Medicaid expansion is also expected to take up a lot of legislative attention this session.

The contentious issue will likely be an uphill battle between Republicans, some of whom want to repeal the expansion or ensure it's not funded by raising taxes or raiding surplus funds, and Democrats who are still trying to determine how much it will cost and where that money will come from.

"This is Maine taxpayer money that we will be accepting back from the federal government and it will not be going to other states. 40 other states have implemented this. They haven't gone bankrupt. This is a good opportunity for Maine to provide desperately needed healthcare," said Rep. Erin Herbig, (D) House Majority Leader.

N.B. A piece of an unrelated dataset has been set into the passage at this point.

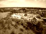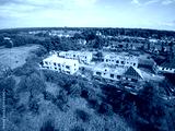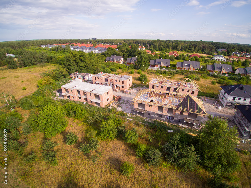 Aerial view on settlement of detached houses under construction. House in basic state. Located on green plot in small village. Wooden roof structure. Meadows around.
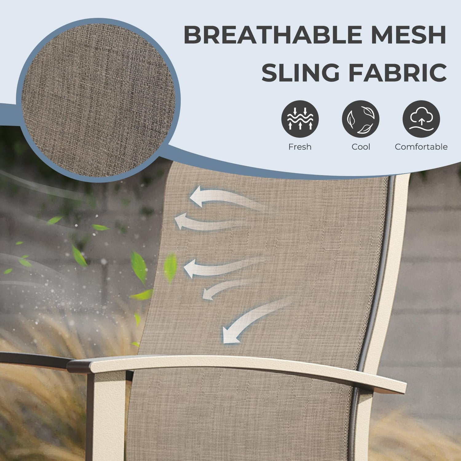 The swivel bar stools are designed with your comfort in mind. Their 360-degree rotation allows you to enjoy the view from any angle as you sit back and unwind. Reinforced with double support rods, these stools are built to hold up to everyday use. Each stool is crafted from a thickened steel frame paired with high-density mesh sling fabric, ensuring durability and flexibility. With a tested weight capacity of 300 pounds, these stools are sturdier and more stable than standard bar chairs.

Besides the future of solar policy and the opioid crisis, lawmakers will also need to contend with the recently approved federal tax plan.

"Tax conformity will be a big issue. There's been a significant package passed at the federal level that's going to hopefully provide tax relief for Mainers who desperately need it," said Sen. Michael Thibodeau, (R) Senate President.

Lawmakers are also considering a controversial bill brought forward by Maine's Secretary of State Matthew Dunlap that would ban signature gathering at Maine polls.

"When I have voters tell me they don't go to the polls anymore, they vote absentee because they don't want to run the gauntlet, I think it's time for a conversation. So there's no intent here to undermine the citizen initiative process. Citizen initiatives are one part of this issue, candidates at the polls are another part, now the new informational campaigns and then some of the counter campaigns that have been going on are also part of the conversation," said Dunlap.

This session is expected to adjourn in mid-April.